Segre and I were both involved in promoting an ambitious project which never got off the ground, although not for lack of trying.
Each of us had different contacts among the top management of Silvio Berlusconi’s business interests.
One day, Segre told me he had been informed by one of his contacts that the Italian government considered Berlusconi to be too powerful, since he controlled three Italian television channels, as many as the Italian public broadcasting system. The government wanted to take away one of Berlusconi’s channels, under the pretense that these channels broadcast nothing but entertainment.
I suggested that Segre and I carry out interviews with the best brains in the world within various fields, and that these interviews be broadcast late at night by Berlusconi’s TV channels. This would have a double advantage: With such a prestigious program, no longer could anyone claim there was only entertainment on the channels. In addition, not much advertising revenue would be lost on such programming at late evening hours.
Our contacts liked the proposal very much and set up a meeting for the two of us with Berlusconi. One day before the meeting was to take place, the Italian police came to see Berlusconi in order to investigate major corruption charges. Our meeting was canceled. Berlusconi decided to go into politics, which would protect him from the Justice Department officials. It was both the beginning of Berlusconi’s path to becoming the prime minister of Italy, and the end of our project, which would have been extremely interesting to implement.
In 1994 I interviewed Segre for my post-Oslo Accords book, Israel’s New Future. Rereading the text 20 years later, it shows his extraordinary insight. To quote one paragraph: “Europe does not seem to have renounced some aspects of its Shylock policy. It wants from Israel a pound of flesh in territorial concessions, without paying attention to the damage these may cause to the whole body as far as the defense capabilities of Israel are concerned. To insist on unilateral concessions after the Yugoslav experience would look comic – if it was not so tragic.”
In the last years of his life, Segre carried on as if he had no health problems. He spent much of his time in his new apartment in Jerusalem.

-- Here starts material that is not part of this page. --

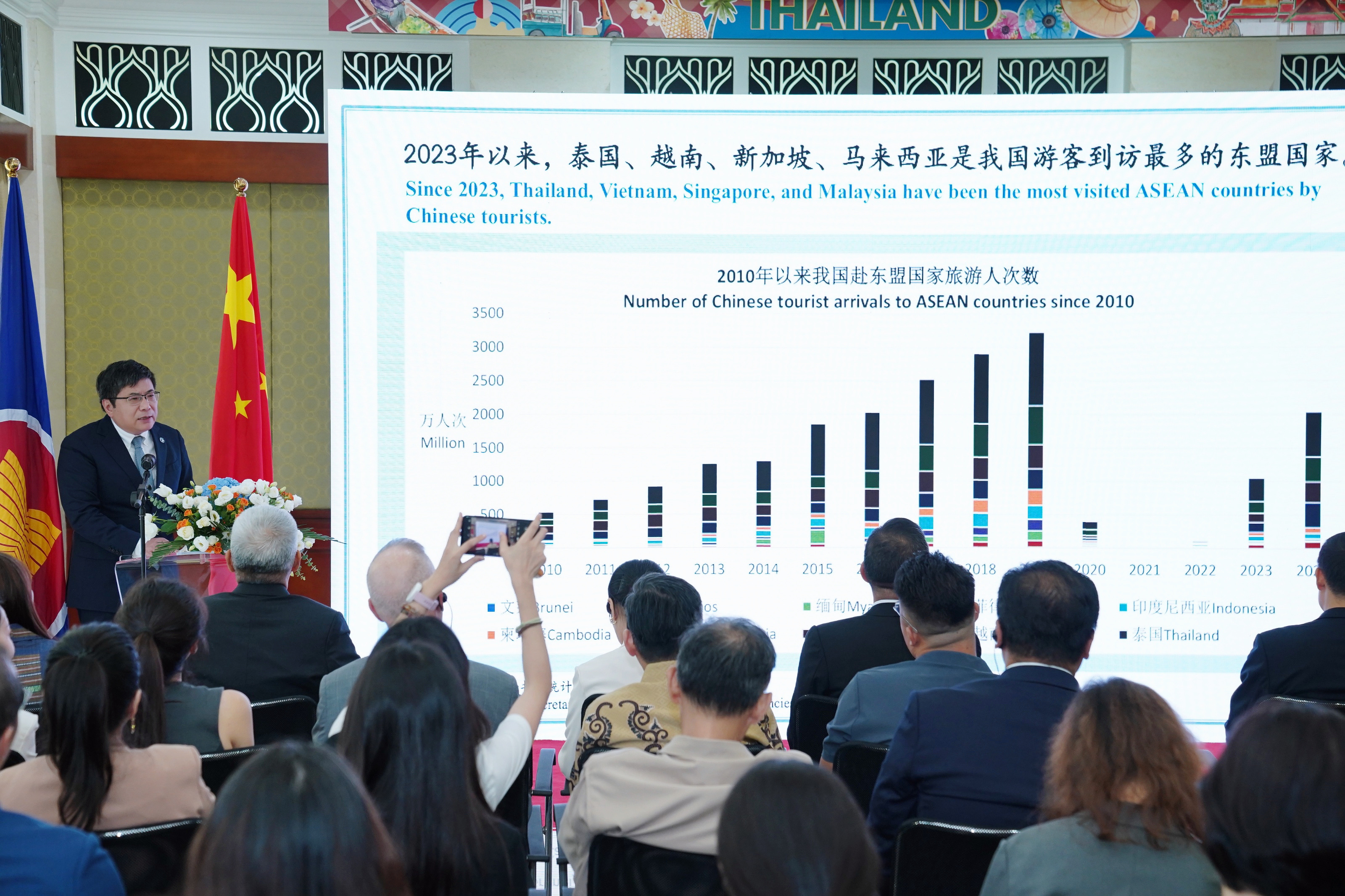 中国—东盟中心秘书长史忠俊在开幕致辞中表示,旅游是连接中国与东盟人民心灵的重要桥梁,是双方人文交流的支柱领域。他高度评价上半年取得的显著成果,指出签证便利化政策的持续深化是推动互访规模接近翻倍的关键动力。目前,中国已与新加坡、马来西亚、泰国实现全面互免签证,与其他东盟国家的签证手续也得到大幅简化,为人员往来提供了极大便利。

He brought with him an excellent Italian cook, who had previously wasted her great skills on the assembly line of the Fiat car company in Turin. On his balcony, Segre entertained his friends with fine meals and stories, as if he were decades younger.
Despite all his experiences, Segre remained a modest man. He did not think of himself as much of an academic, even though some of the universities he taught at were among the most prestigious in the world.
Any obituary can provide but a mere glimpse into the fascinating life of such a unique personality as Segre. May his memory be blessed.
The writer is a former chairman of the Jerusalem Center for Public Affairs, of which Prof. Segre was a fellow.